━━━━━ RECORDS SUPPLIED ━━━━━

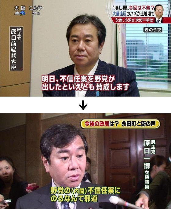 一日で主張をひっくり返した民主党・原口を笑えないな
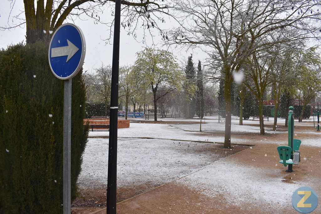 Después hemos podido tomar fotografías de zonas más periféricas de Tomelloso, cuando la nevada ha ido arreciando y se han empezado a ver zonas blancas, tanto en el casco urbano como en zonas rurales. La nieve se ha acumulado también en zonas ajardinadas, carrocerías de los coches y los tejados.
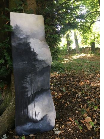 Chiara Cebrelli, pittrice, attraverso le sue opere racconta le atmosfere rarefatte dei boschi, dell’aria, degli animali e dei cieli notturni illuminati da stelle lontane. Lei stessa si racconta: “ Nel momento di chiusura entrai nel bosco silenzioso, con una coperta fatta di nuvole. Come ne uscii… lo raccontano i miei dipinti su legno”. Un viaggio poetico alla scoperta del proprio spirito attraverso le meraviglie della natura, boschi ancora incontaminati, toccati solo dalle nubi, da costellazioni celesti o dai passi leggeri degli animali. Terre di confine dove l’anima si apre a nuove ed antiche esperienze, racconti lontani che rinascono in una nuova veste. Il fitto della vegetazione lascia spazio a squarci di cielo notturno, dove la costellazione delle Pleiadi, le sette sorelle, illumina il cammino dei pochi che cercano la strada di casa. Tinte leggere come acquerelli, che svelano le linee sinuose del legno, si dilatano sul tessuto vegetale dissolvendosi in un’armoniosa danza fatta di bianco e nero.
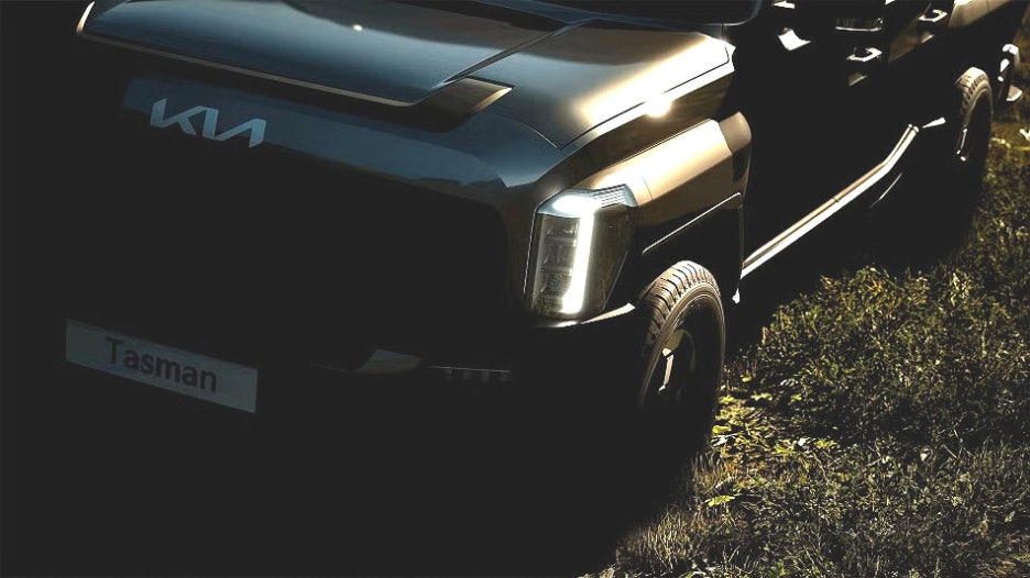 타스만 픽업트럭은 타스만 레터링 대신에 기아의 로고가 선명하게 음각으로 제공되는 것을 확인할 수 있습니다.
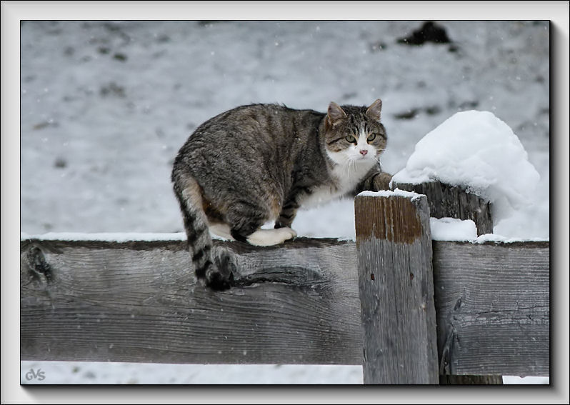 Ho scattato questa foto durante le mie vacanze invernali a Sesto Pusteria (Bolzano). Stava nevicando, ma questo gatto non era per nulla infastidito dalla neve, anzi si è messo bene in posa per la foto.

━━━━━

ABOUT THIS TASK: Write out exactly the lines from the one that contains "Chiara Cebrelli, pittrice, attraverso" through the last line of the data above, both included. Leave every picture out.

YOUR SOLUTION:
 Chiara Cebrelli, pittrice, attraverso le sue opere racconta le atmosfere rarefatte dei boschi, dell’aria, degli animali e dei cieli notturni illuminati da stelle lontane. Lei stessa si racconta: “ Nel momento di chiusura entrai nel bosco silenzioso, con una coperta fatta di nuvole. Come ne uscii… lo raccontano i miei dipinti su legno”. Un viaggio poetico alla scoperta del proprio spirito attraverso le meraviglie della natura, boschi ancora incontaminati, toccati solo dalle nubi, da costellazioni celesti o dai passi leggeri degli animali. Terre di confine dove l’anima si apre a nuove ed antiche esperienze, racconti lontani che rinascono in una nuova veste. Il fitto della vegetazione lascia spazio a squarci di cielo notturno, dove la costellazione delle Pleiadi, le sette sorelle, illumina il cammino dei pochi che cercano la strada di casa. Tinte leggere come acquerelli, che svelano le linee sinuose del legno, si dilatano sul tessuto vegetale dissolvendosi in un’armoniosa danza fatta di bianco e nero.
 타스만 픽업트럭은 타스만 레터링 대신에 기아의 로고가 선명하게 음각으로 제공되는 것을 확인할 수 있습니다.
 Ho scattato questa foto durante le mie vacanze invernali a Sesto Pusteria (Bolzano). Stava nevicando, ma questo gatto non era per nulla infastidito dalla neve, anzi si è messo bene in posa per la foto.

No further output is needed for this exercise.